Finally, TRIM9/SPRING has been described as repressed in the brains of individuals suffering from Parkinson’s disease and dementia with Lewy bodies [106]. While these findings remain observational, it is of potential interest that two TRIM members with MT-binding capacity (TRIM1/MID2 and TRIM9/SPRING) have been linked to Parkinson’s disease.

4.4. TRIM67/TNL (TRIM Nine-like)

TRIM67/TNL is highly expressed in the cerebellum, and as mentioned above, it binds its paralog, TRIM9/SPRING, with which it competes to bind to the Netrin-1 receptor DCC [105], as well as for axon guidance [104]. TRIM67/TNL has also been described to promote SNARE exocytosis by limiting the incorporation of SNAP47 into SNARE complexes [99,107]. The importance of TRIM67/TNL in brain development is underlined in the findings showing that TRIM67−/− mice present hypotrophy of several regions of the brain (the hippocampus, striatum, amygdala, and thalamus), in addition to a thinning of forebrain commissures and impairments in spatial memory, cognitive abilities, and muscle functions [105].
Several reports suggest a link, not yet fully clear, between this TRIM member and cancer. TRIM67/TNL is involved in signaling from the rat sarcoma protein (Ras) through an interaction with the p53-Responsive Gene 1 (PRG-1) and the protein kinase C substrate 80K-H (80K-H), proteins that are degraded upon ectopic expression of TRIM67/TNL, leading to an overall attenuation of cell proliferation in cell lines [108]. Not only can TRIM67/TNL interact directly with p53, which prevents its MDM2-mediated degradation, but it is also a transcriptional target of p53. Thus, TRIM67/TNL expression is likely involved in a loop of reciprocal amplification with p53 that ultimately drives the accumulation of p53 and leads to cell growth inhibition and apoptosis. In this respect, the finding that TRIM67/TNL downregulation is associated with poor survival rates in colorectal cancer is not surprising [109,110].
On the other hand, TRIM67 has been described to promote cell proliferation, migration, and cell invasion in non-small cell lung cancer (NSCLC) by positively regulating the neurogenic locus-notch homolog protein (Notch) pathway [111,112]. In addition, auto-antibodies against TRIM9/SPRING and TRIM67/TNL have been described as a potential high-risk paraneoplastic biomarker [113], and TRIM67/TNL is associated with higher cell motility and reduced cell adherence in glioma cells. These results may, overall, indicate that this TRIM member, perhaps through its role in MT regulation, can play a role in the metastatic process of several cancer types [114].
Overall, the link between TRIM67/TNL and cancer development appears to be dependent on the cellular context of expression, and perhaps on the cell environment.

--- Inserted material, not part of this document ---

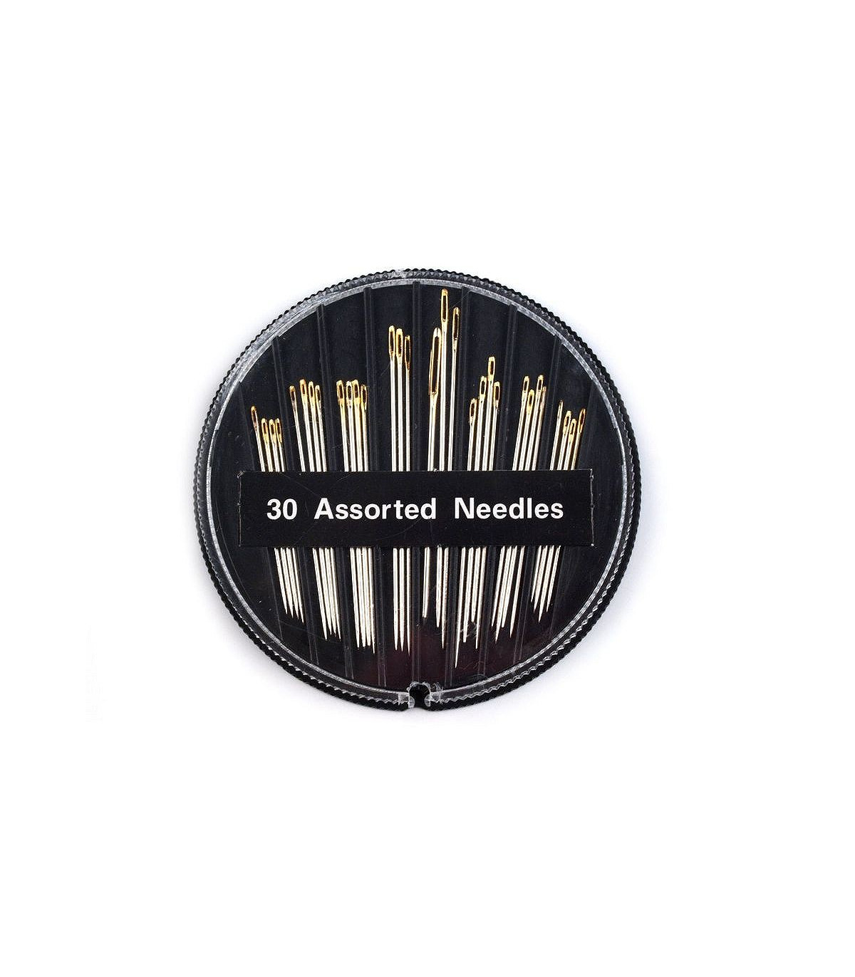 Este conjunto compacto traz agulhas de vários tamanhos. Uma caixa contém 30 agulhas, e na embalagem original existem 5 caixas. As agulhas possuem olhos dourados para facilitar a passagem do fio, mesmo sem um enfiador.

In this respect, it is important to note that TRIM67/TNL, undetectable in the liver under normal conditions, can be induced in this organ in conditions of obesity, where it activates hepatic inflammation, exacerbating the progress of non-alcoholic fatty liver disease (NAFLD) found in this pathology [115,116].

4.5. TRIM36

TRIM36 was initially cloned from the tumor suppressor gene region of chromosome 5q22.3, frequently altered in different types of tumors [117]. However, our understanding of the contribution of TRIM36 to the process of tumorigenesis remains incomplete. TRIM36 interacts with the centromere protein H (CENP-H) and delays cell-cycle progression; therefore, it occupies a prime position from which to influence the process of tumorigenesis [118]. In addition, TRIM36 interacts and suppresses via ubiquitin-mediated degradation the forkhead box factor A2 (FOXA2, [119]), a transcription factor that plays an important role in metabolism and tumor-cell proliferation. It is thus not a surprise that TRIM36 expression is downregulated in certain cancers, such as liver cancer [120], lung adenocarcinoma (LUAD [121]), esophageal squamous-cell carcinoma cells [122,123], and prostate cancer [124].
For the moment, no firm evidence links mutations in TRIM36 to a given pathology, although a genome-wide association study in a Chinese cohort indicated it as a susceptibility gene for pre-eclampsia, a condition of arterial hypertension that occurs in pregnant women and that can be hereditary [125]. Furthermore, a homozygous mutation in TRIM36 has been associated with autosomal recessive anencephaly in an Indian family [126]. In this latter case, the pathogenic mutation in TRIM36 abolishes its ability to bind MTs and alters neuronal cell proliferation.

4.6. TRIM46/TRIFIC (Tripartite, Fibronectin Type III, and C-Terminal B30.2-like Motif)

TRIM46/TRIFIC is highly expressed in the brain, where it is subjected to alternative splicing and where it organizes parallel microtubule arrays on the axons, a function important for neuronal polarity and axonal function [127]. Studies carried out on knockout rats underlined that TRIM46/TRIFIC plays an important role in hippocampus development and axon development by regulating the size and distance between axon initial segments (AIS). The AIS separates the axon from the soma of neuronal cells and controls, in an MT-dependent manner, the selective transport of cargo into the axon-dendritic compartment. Hence, this compartment constitutes a molecular separator, a sort of molecular filter, that is important in axon-dendrite differentiation. Mechanistically, TRIM46/TRIFIC drives the formation of closely spaced parallel microtubule bundles oriented with their plus-end outward, driving AIS structuration [128,129,130].
As many of the TRIM members mentioned above, TRIM46/TRIFIC has been linked to cancer, and it is amplified in lung adenocarcinoma (LUAD) tissues and has often been associated with a poor survival rate [131]. The underlying molecular mechanism is also, in this case, likely multifactorial. TRIM46/TRIFIC interacts with and negatively regulates the FK506-binding protein 5 (FKBP5), which is itself linked to cell activation [132,133]; it interacts with and ubiquitinates the peroxisome proliferator-activated receptor (PPAR, [134]), and it is involved in the regulation of β-catenin [135]. Lastly, auto-antibodies against TRIM46/TRIFIC have been proposed as a biomarker of paraneoplastic CNS disorders and clear-cell renal-cell carcinoma [136,137].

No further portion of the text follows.